In a non-biased way we were able to evaluate 230 cumulatively assessed perimeter
fractions (APF) per CT, ranging from 27-641 APF. In contrast to the commonly used
pi10 method, in which a secondary derived variable from few, mostly 6 selected
airways is used to estimate the airway wall thickness [5, 6, 13–15], we obtained many direct airway wall measurements. To our opinion direct
measurements assessed over all lobes provide a better overall reflection of AWT than
a limited number of secondary AWT measurements.
A limitation of this study is, inherent to general population-based studies, that
only male smokers with mild emphysema and/or airflow limitation were included.

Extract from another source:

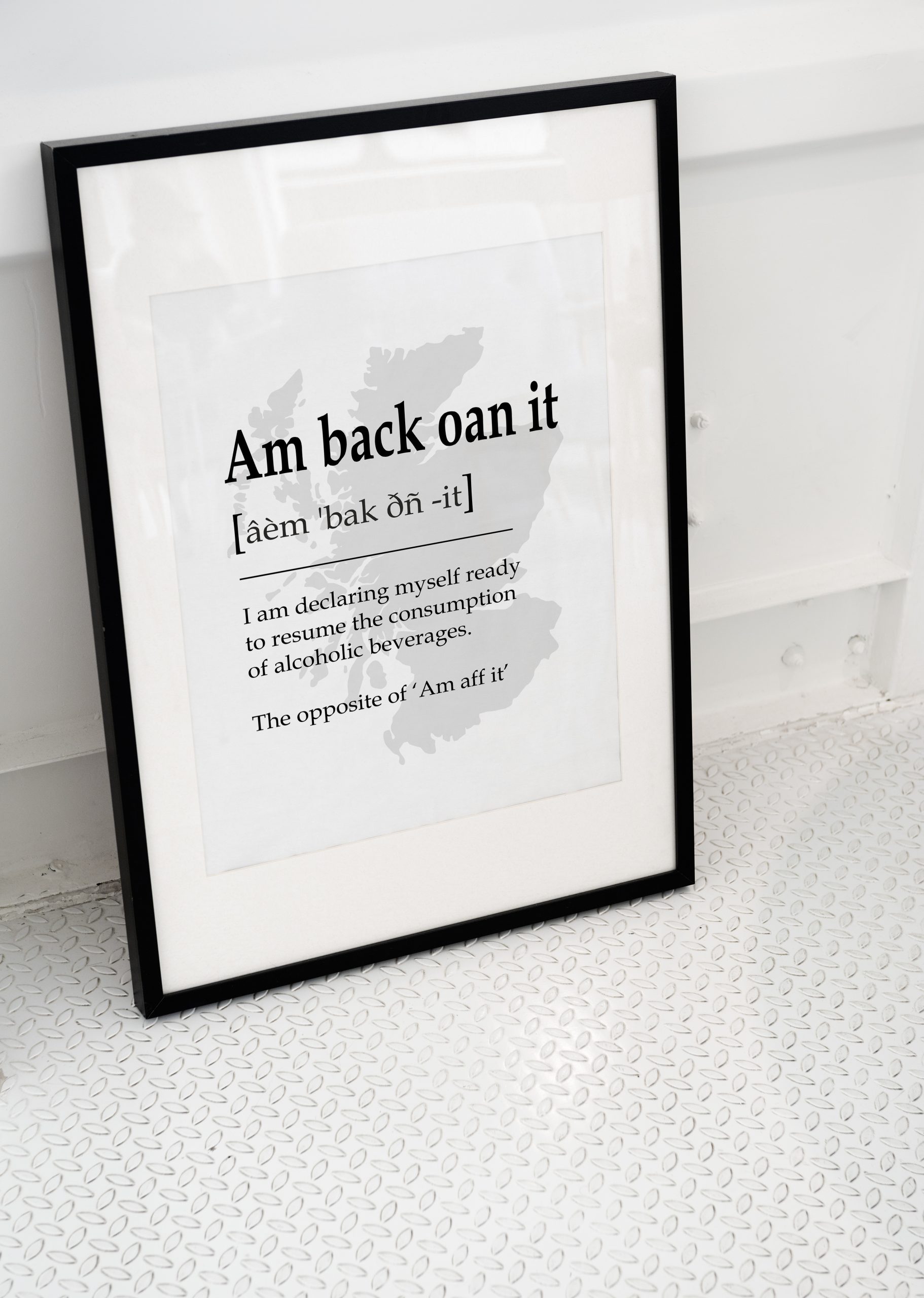 Am back oan it Scottish UNFRAMED PRINT Fun Scots Scotland Slang Definition Room Wall Art

Strengths of our study is the non-biased way of analyzing a high number of airway
sections in all lobes that makes our approach more suitable for combined airway wall
thickness and emphysema measurements on one low-dose CT scan. Such approach allows
monitoring of intervention effects on both parameters. This is important when new
treatment modalities will become available for clinical testing.
In the future further developments may involve measurements of thickness of airway
walls along the full length of the bronchial tree at in- and expiration scans.
Possibly more airflow variability will be explained.
In conclusion, post processing standardization of large numbers of airway wall
measurements in all lung lobes is feasible, reliable and an useful method to assess
airway wall thickness. We have demonstrated that increased airway wall thickness
contributes more to airflow limitation than emphysema in a smoking male population
even after adjustment for smoking behavior.